Whats the best species? i want a nice looking display animal.
thanks.

oh, and not REALLY pricey,
thanks!


----------



## sean k (Dec 20, 2007)

*treefrogs*

treefrogs are very cool and they are fine in this size set-up.

american green treefrogs are cheep and look quite nice hear is a pic of a few of mine:


----------



## cubeykc (Aug 8, 2008)

pacman or fbts or as above wtf


----------



## ReptileKid (Jul 7, 2008)

sean k said:


> treefrogs are very cool and they are fine in this size set-up.
> 
> american green treefrogs are cheep and look quite nice hear is a pic of a few of mine:


 Thanks for reply, 
they look cool!
anybody know what Red Eyed Tree frogs are like?
They look amazing!
still considering lots more!


----------



## sean k (Dec 20, 2007)

*red eyes*

red eyes are really cool, they have amazing colours but they can sometimes be quite expencive depending where you get them from.


----------



## sean k (Dec 20, 2007)

*salamanders*

you could allways get salamanders they are really nice.


----------



## chondro13 (Aug 18, 2008)

would recommend you spend your money on proper vivs for the animals you have crammed into the one at the moment first!!

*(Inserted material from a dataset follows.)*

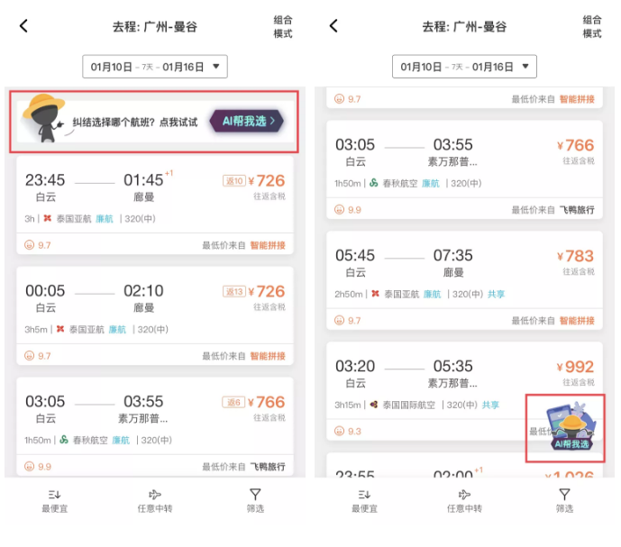 iGola通過AI技術(shù)將傳統(tǒng)的機票搜索頁面中,數(shù)十條的結(jié)果優(yōu)選為5條,通過測試,5條搜索結(jié)果可以基本cover用戶95%的選擇可能。將價格時長航司中轉(zhuǎn)起降時間,設(shè)置為5個維度,以五星維度圖的形式對相關(guān)航旅方案進行直觀的評價,并給出明顯的文字提示,闡明航旅方案亮點。定制內(nèi)容-千人千面,不同需求的乘客(重視價格、重視服務),會得到不同的搜索結(jié)果。UI設(shè)計與傳統(tǒng)的OTA搜索界面有巨大差異,操作極簡,深受年輕用戶喜歡。

then look into some good beginner species of amphib. have a hunt around this section there are some lovely examples of vivs but dont jush rush ahead and get the ones that you think will make you look 'coolest'.... many require very specialised care and are not as tolerant as a bosc or a beardie or leos...


----------



## ReptileKid (Jul 7, 2008)

chondro13 said:


> would recommend you spend your money on proper vivs for the animals you have crammed into the one at the moment first!!
> 
> 
> then look into some good beginner species of amphib. have a hunt around this section there are some lovely examples of vivs but dont jush rush ahead and get the ones that you think will make you look 'coolest'.... many require very specialised care and are not as tolerant as a bosc or a beardie or leos...

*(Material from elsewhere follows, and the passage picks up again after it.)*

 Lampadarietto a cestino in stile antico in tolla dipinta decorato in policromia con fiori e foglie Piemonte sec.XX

whatt do you mean proper vivs for the animals crammed into the one at the moment?
My boas in a 4x2x2
the 6ft is partitioned in 2
4x2x2 for baby bosc
and 2x2x2 for 1 leo.
and then my 2yr old iggy is in a 6'x4'x2'8"
Dont think thats crammed tbh


----------



## chondro13 (Aug 18, 2008)

http://www.reptileforums.co.uk/habitat/220213-my-new-setups.html

Youve been told how to care for your animals properly here. i just think you need to slow down and provide decent vivs with correct UV, stats and care for the ones you have already before going and buying more.


----------



## ReptileKid (Jul 7, 2008)

chondro13 said:


> http://www.reptileforums.co.uk/habitat/220213-my-new-setups.html
> 
> Youve been told how to care for your animals properly here. i just think you need to slow down and provide decent vivs with correct UV, stats and care for the ones you have already before going and buying more.


 If you've read the thread properly i've prooved i have all the uv, heat lamps, and correct temps, so please read WHOLE thread then you will know everything is correct.


----------



## cubeykc (Aug 8, 2008)

chondro13 said:


> http://www.reptileforums.co.uk/habitat/220213-my-new-setups.html
> 
> Youve been told how to care for your animals properly here. i just think you need to slow down and provide decent vivs with correct UV, stats and care for the ones you have already before going and buying more.


well said dont just go and and get some because you can m8 its not a race i would like alot of reps ect but before i do go out and get any i always make sure the ones i have already are fine and kitted out first


----------



## chondro13 (Aug 18, 2008)

oasis_reps said:


> If you've read the thread properly i've prooved i have all the uv, heat lamps, and correct temps, so please read WHOLE thread then you will know everything is correct.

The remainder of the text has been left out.